Moreover, for a limited number of the salivary supernatant samples examined (n = 3), we also found that the amino acid methionine (-S-CH3 group singlet resonance, δ = 2.13 ppm) was also consumed, a process which generated its primary oxidation product methionine sulphoxide (with a characteristic -SO-CH3 group singlet signal located at δ = 2.725 ppm) as previously described [21] and fully consistent with Equation (7). For these 3 samples, the mean ±SEM methionine concentration was 1.60 ± 0.44 × 10–4 mol·dm–3, and the mean percentage decrease in its 2.13 ppm -S(CH3) group signal was 93% ± 4% (p < 0.005 for n = 3 specimens).

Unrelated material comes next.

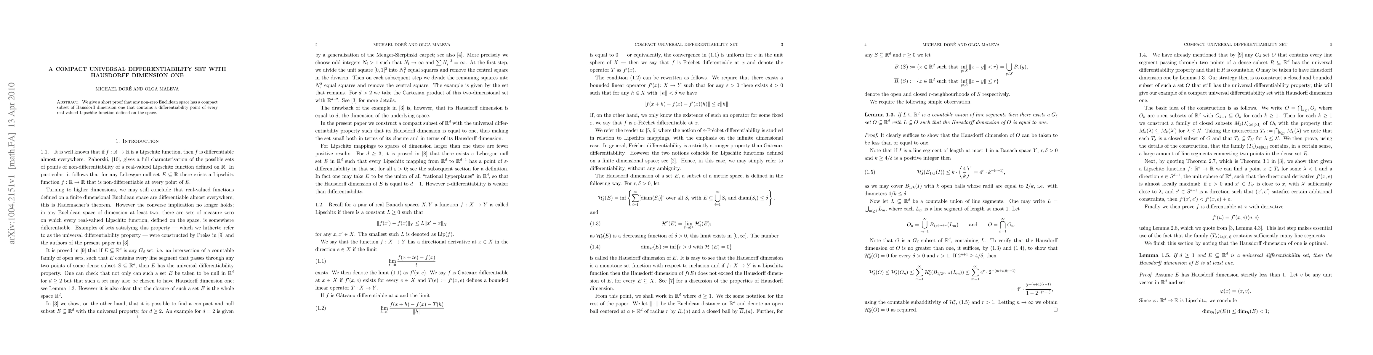 The paper presents a concise proof for the existence of a compact set in any non-zero Euclidean space with Hausdorff dimension one, which includes differentiability points for every real-valued Lipschitz function. This set serves as a universal differentiability set.
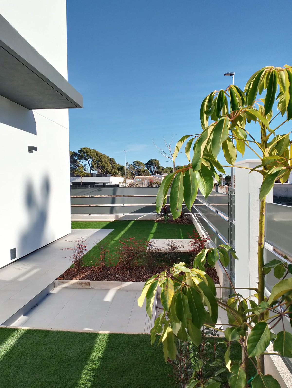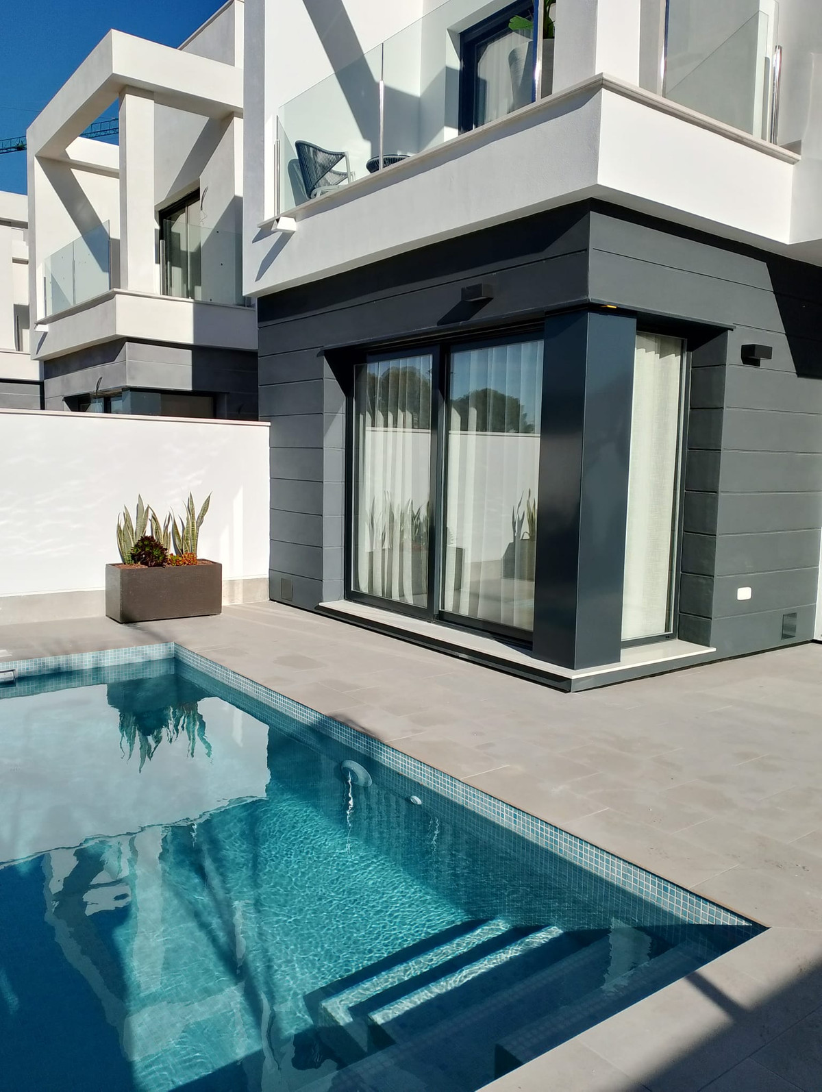 Vackra hus med privat pool och solarium i ett grönt område nära stranden

Treatment of human salivary supernatant specimens with a combination of the H2O2-containing bleaching gel supernatant (derived from syringe 1) with the diluted bleaching accelerant solution (from syringe 2) gave rise to similar modifications to the 1H NMR profile of this biofluid [Figures 2(d) and 3(d)], specifically the complete oxidative consumption of pyruvate, accompanied by smaller reductions in the intensities of the lactate signals and increases in that of formate, together with even smaller decreases in that of the methionine-S-CH3 resonance, although the latter observation was again limited to the small number of samples in which it was 1H NMR-observable (n = 3).

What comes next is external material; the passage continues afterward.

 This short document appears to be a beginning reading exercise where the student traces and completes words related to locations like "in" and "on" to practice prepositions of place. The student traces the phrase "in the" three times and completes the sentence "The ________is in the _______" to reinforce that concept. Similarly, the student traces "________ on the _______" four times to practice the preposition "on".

As expected, addition of the tooth bleaching aminoalcohol accelerant alone to each salivary supernatant sample did not give rise to the 1H NMR spectral modifications which were observed in those treated with either the H2O2-containing bleaching gel supernatant or a combination of an equivalent volume of this solution (76 µl) with an additional 38 µl of the 9.50% (v/v) solution of the tooth-whitening accelerant (apart, of course, from the appearance of signals ascribable to the added accelerant and an acetate contaminant also present in its solution). A Typical example of the spectra acquired from these samples is shown in Figures 2(b) and 3(b).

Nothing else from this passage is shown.